* [Source data]:

Segment Open

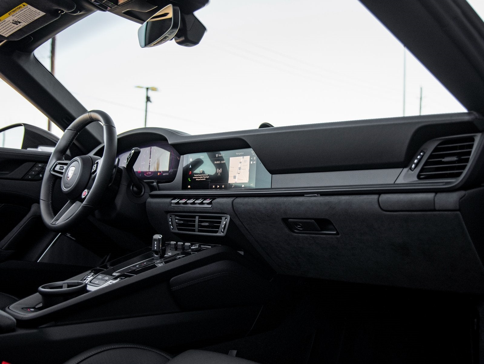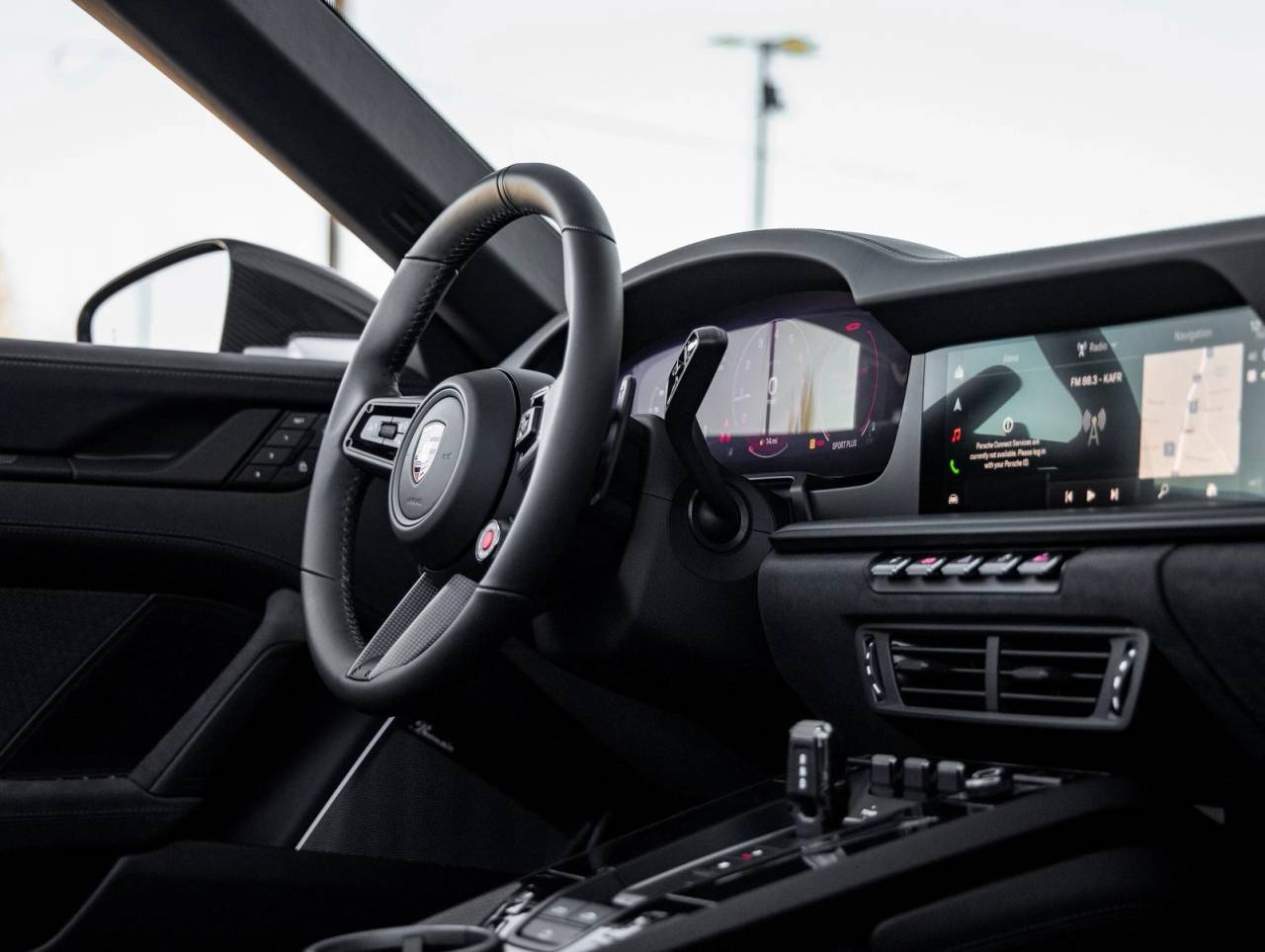 Inside, a Leather/Race-Tex Interior in Black with Seat Centers in Leather surrounds you in race-inspired luxury. Standout features include Interior Trim Inlays in Matte Carbon Fiber, Adaptive Sport Seats Plus (18-way), Seat Belts in Guards Red, and a Heated GT Sport Steering Wheel in Leather with Trim in Matte Carbon Fiber. Details like the Race-Tex Sun Visors, Porsche Crest on Headrests, and Center Console Lid with Porsche Crest reinforce the premium ambiance.
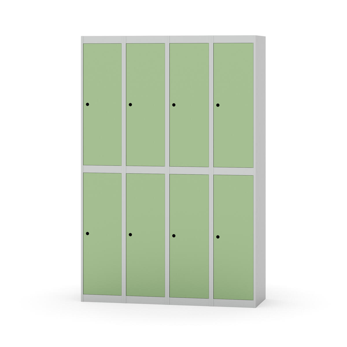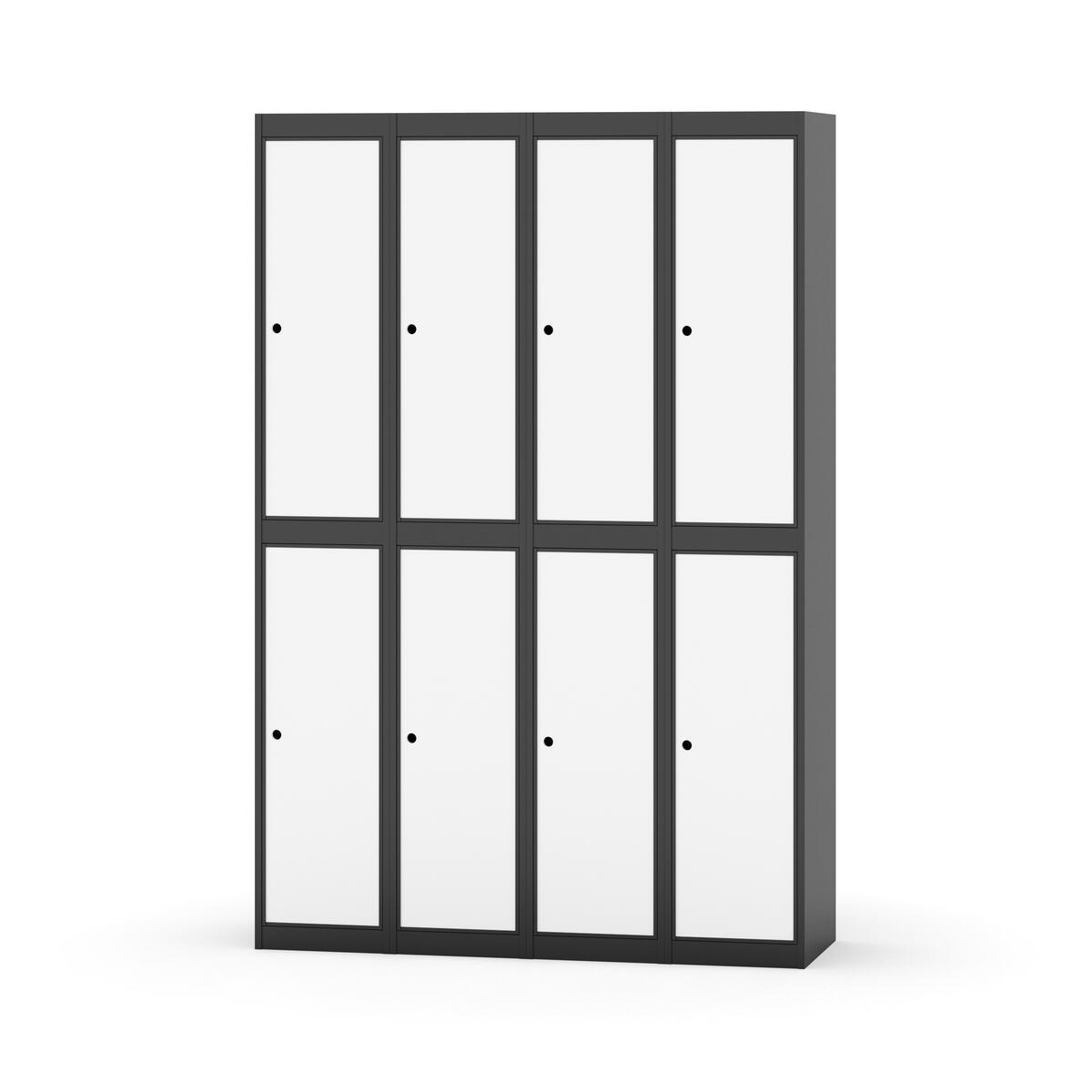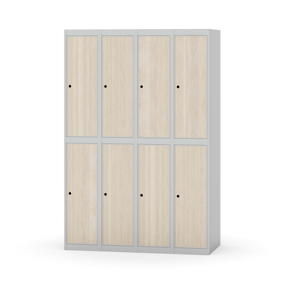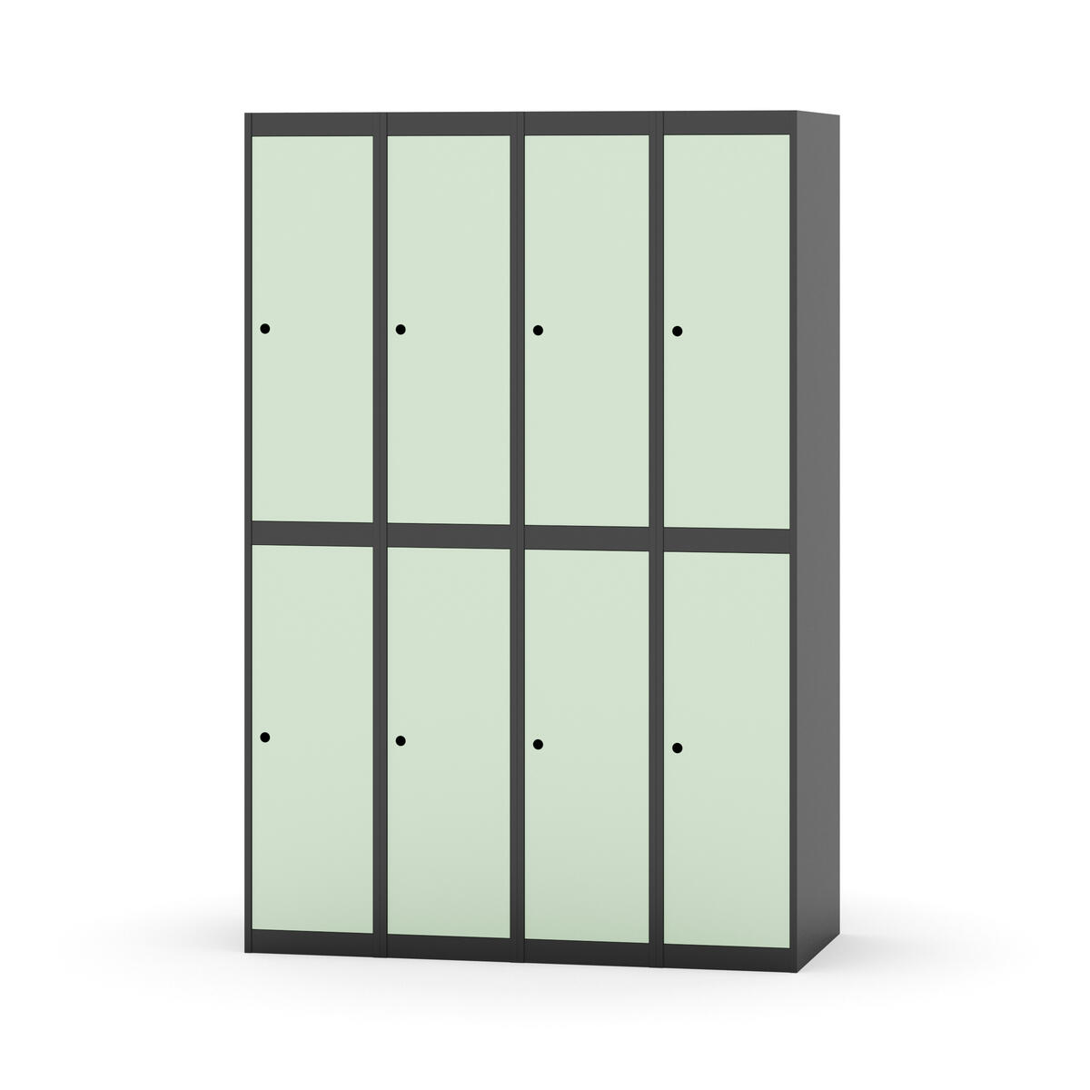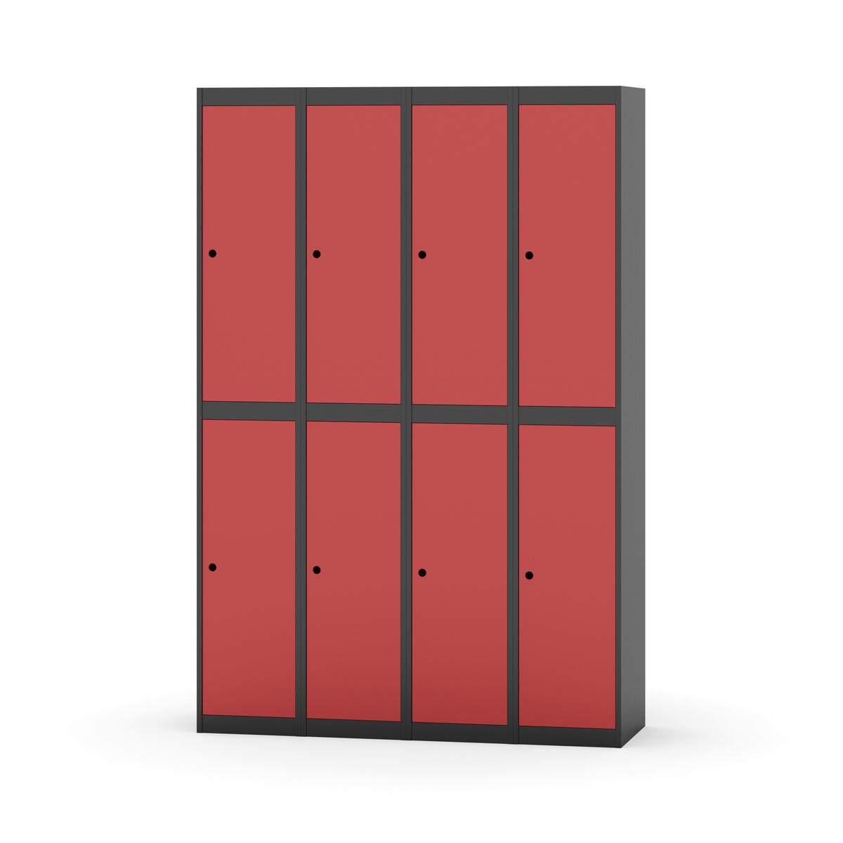 Klädskåp med helsvetsad stomme. Välj mellan plåt eller laminatdörr. Plåtdörren är försedd med dörrstopp i stål och infälld förstärkning kring låshålet. Laminatdörr infälld i stålram försedd med dörrstopp i stål. Dörrar är öppningsbara 90 grader. Inredning: Hyllplan och klädstång med två ankarkrokar. Slät golvyta utan tröskel. Ventilation genom hål i tak-/bottenplåt. Observera att lås och underrede beställs på separata artikelnummer. Lås kommer att vara monterade på skåp vid leverans. Valt underrede monteras på plats.
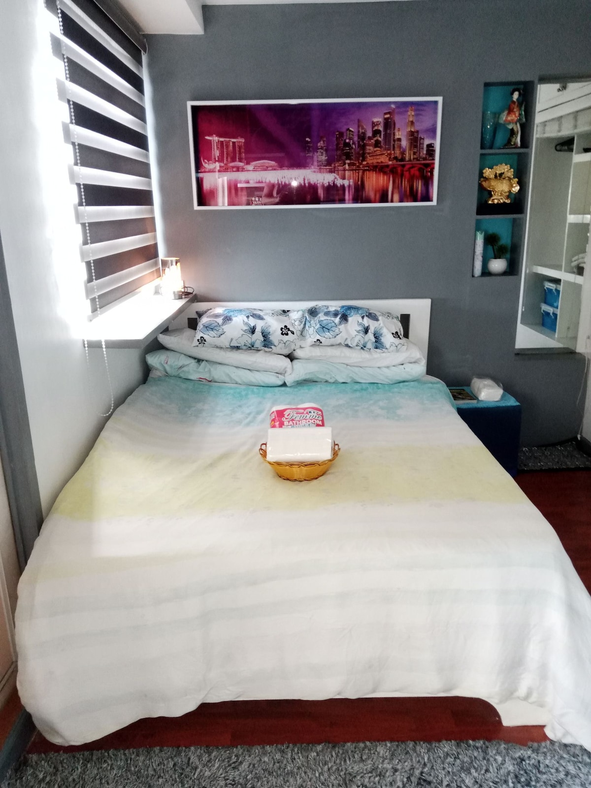 This unique place has a style all its own. Feel the NATURAL, WARM & COMFORT ambiance of my flat situatd in the heart of CONG. TOWN CTR. COND., qc. Standard clean, well kept, sanitize flat & fresh premium linens & 6 fluffy pillows. RELAXING and comfrtable QUEEN size orthopedc bed wth premium MEMORY foam topper. Fully furnishd flat wth appliances: 🔹karaoke w/ 2 mic 🔸49" smart tv wth premium netflix acct. 🔹1.5hp new aircon unit wth remote control 🔸unli wf installed 🔹hot/cold shower

Segment Closed

* [What to work on]:
Leaving out the images, repeat the listing above exactly.

* [Written solution]:
 Inside, a Leather/Race-Tex Interior in Black with Seat Centers in Leather surrounds you in race-inspired luxury. Standout features include Interior Trim Inlays in Matte Carbon Fiber, Adaptive Sport Seats Plus (18-way), Seat Belts in Guards Red, and a Heated GT Sport Steering Wheel in Leather with Trim in Matte Carbon Fiber. Details like the Race-Tex Sun Visors, Porsche Crest on Headrests, and Center Console Lid with Porsche Crest reinforce the premium ambiance.
 Klädskåp med helsvetsad stomme. Välj mellan plåt eller laminatdörr. Plåtdörren är försedd med dörrstopp i stål och infälld förstärkning kring låshålet. Laminatdörr infälld i stålram försedd med dörrstopp i stål. Dörrar är öppningsbara 90 grader. Inredning: Hyllplan och klädstång med två ankarkrokar. Slät golvyta utan tröskel. Ventilation genom hål i tak-/bottenplåt. Observera att lås och underrede beställs på separata artikelnummer. Lås kommer att vara monterade på skåp vid leverans. Valt underrede monteras på plats.
 This unique place has a style all its own. Feel the NATURAL, WARM & COMFORT ambiance of my flat situatd in the heart of CONG. TOWN CTR. COND., qc. Standard clean, well kept, sanitize flat & fresh premium linens & 6 fluffy pillows. RELAXING and comfrtable QUEEN size orthopedc bed wth premium MEMORY foam topper. Fully furnishd flat wth appliances: 🔹karaoke w/ 2 mic 🔸49" smart tv wth premium netflix acct. 🔹1.5hp new aircon unit wth remote control 🔸unli wf installed 🔹hot/cold shower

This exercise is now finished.